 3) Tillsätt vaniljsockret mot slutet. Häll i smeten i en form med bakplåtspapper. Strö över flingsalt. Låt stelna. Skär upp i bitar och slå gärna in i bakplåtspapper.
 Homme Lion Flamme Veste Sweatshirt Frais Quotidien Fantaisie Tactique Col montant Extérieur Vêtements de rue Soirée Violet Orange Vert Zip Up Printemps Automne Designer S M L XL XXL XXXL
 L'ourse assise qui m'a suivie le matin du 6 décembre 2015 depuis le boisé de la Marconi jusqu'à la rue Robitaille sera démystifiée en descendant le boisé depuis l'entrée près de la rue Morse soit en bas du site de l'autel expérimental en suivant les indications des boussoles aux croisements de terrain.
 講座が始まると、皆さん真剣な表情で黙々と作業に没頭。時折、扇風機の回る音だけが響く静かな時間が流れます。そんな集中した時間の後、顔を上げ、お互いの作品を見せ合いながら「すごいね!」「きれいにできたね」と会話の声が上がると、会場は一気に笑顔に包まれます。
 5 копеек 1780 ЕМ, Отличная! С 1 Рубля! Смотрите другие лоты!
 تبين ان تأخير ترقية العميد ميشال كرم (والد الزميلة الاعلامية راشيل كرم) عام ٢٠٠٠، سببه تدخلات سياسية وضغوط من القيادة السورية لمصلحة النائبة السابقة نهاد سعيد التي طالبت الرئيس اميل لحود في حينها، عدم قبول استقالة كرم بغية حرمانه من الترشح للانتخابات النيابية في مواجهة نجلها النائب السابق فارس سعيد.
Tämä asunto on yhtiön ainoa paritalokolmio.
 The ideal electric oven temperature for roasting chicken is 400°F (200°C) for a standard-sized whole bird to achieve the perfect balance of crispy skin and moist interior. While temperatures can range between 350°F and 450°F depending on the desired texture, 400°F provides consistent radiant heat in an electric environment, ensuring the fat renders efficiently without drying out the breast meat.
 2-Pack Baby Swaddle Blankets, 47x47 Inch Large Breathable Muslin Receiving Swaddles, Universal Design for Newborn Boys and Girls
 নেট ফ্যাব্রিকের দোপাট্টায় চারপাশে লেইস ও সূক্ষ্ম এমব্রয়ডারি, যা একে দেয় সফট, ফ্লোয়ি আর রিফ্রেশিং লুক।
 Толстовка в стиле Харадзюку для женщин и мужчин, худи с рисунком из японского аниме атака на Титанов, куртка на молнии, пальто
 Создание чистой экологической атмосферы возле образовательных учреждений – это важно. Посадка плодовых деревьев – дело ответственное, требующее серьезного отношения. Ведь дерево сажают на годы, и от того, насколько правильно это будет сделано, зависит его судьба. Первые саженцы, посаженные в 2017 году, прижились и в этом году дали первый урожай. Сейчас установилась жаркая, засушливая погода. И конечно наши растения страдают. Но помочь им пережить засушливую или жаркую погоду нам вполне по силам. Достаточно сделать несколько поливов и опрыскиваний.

→ About this exercise: Output the whole listing exactly, leaving nothing out.

→ Response box:
 3) Tillsätt vaniljsockret mot slutet. Häll i smeten i en form med bakplåtspapper. Strö över flingsalt. Låt stelna. Skär upp i bitar och slå gärna in i bakplåtspapper.
 Homme Lion Flamme Veste Sweatshirt Frais Quotidien Fantaisie Tactique Col montant Extérieur Vêtements de rue Soirée Violet Orange Vert Zip Up Printemps Automne Designer S M L XL XXL XXXL
 L'ourse assise qui m'a suivie le matin du 6 décembre 2015 depuis le boisé de la Marconi jusqu'à la rue Robitaille sera démystifiée en descendant le boisé depuis l'entrée près de la rue Morse soit en bas du site de l'autel expérimental en suivant les indications des boussoles aux croisements de terrain.
 講座が始まると、皆さん真剣な表情で黙々と作業に没頭。時折、扇風機の回る音だけが響く静かな時間が流れます。そんな集中した時間の後、顔を上げ、お互いの作品を見せ合いながら「すごいね!」「きれいにできたね」と会話の声が上がると、会場は一気に笑顔に包まれます。
 5 копеек 1780 ЕМ, Отличная! С 1 Рубля! Смотрите другие лоты!
 تبين ان تأخير ترقية العميد ميشال كرم (والد الزميلة الاعلامية راشيل كرم) عام ٢٠٠٠، سببه تدخلات سياسية وضغوط من القيادة السورية لمصلحة النائبة السابقة نهاد سعيد التي طالبت الرئيس اميل لحود في حينها، عدم قبول استقالة كرم بغية حرمانه من الترشح للانتخابات النيابية في مواجهة نجلها النائب السابق فارس سعيد.
Tämä asunto on yhtiön ainoa paritalokolmio.
 The ideal electric oven temperature for roasting chicken is 400°F (200°C) for a standard-sized whole bird to achieve the perfect balance of crispy skin and moist interior. While temperatures can range between 350°F and 450°F depending on the desired texture, 400°F provides consistent radiant heat in an electric environment, ensuring the fat renders efficiently without drying out the breast meat.
 2-Pack Baby Swaddle Blankets, 47x47 Inch Large Breathable Muslin Receiving Swaddles, Universal Design for Newborn Boys and Girls
 নেট ফ্যাব্রিকের দোপাট্টায় চারপাশে লেইস ও সূক্ষ্ম এমব্রয়ডারি, যা একে দেয় সফট, ফ্লোয়ি আর রিফ্রেশিং লুক।
 Толстовка в стиле Харадзюку для женщин и мужчин, худи с рисунком из японского аниме атака на Титанов, куртка на молнии, пальто
 Создание чистой экологической атмосферы возле образовательных учреждений – это важно. Посадка плодовых деревьев – дело ответственное, требующее серьезного отношения. Ведь дерево сажают на годы, и от того, насколько правильно это будет сделано, зависит его судьба. Первые саженцы, посаженные в 2017 году, прижились и в этом году дали первый урожай. Сейчас установилась жаркая, засушливая погода. И конечно наши растения страдают. Но помочь им пережить засушливую или жаркую погоду нам вполне по силам. Достаточно сделать несколько поливов и опрыскиваний.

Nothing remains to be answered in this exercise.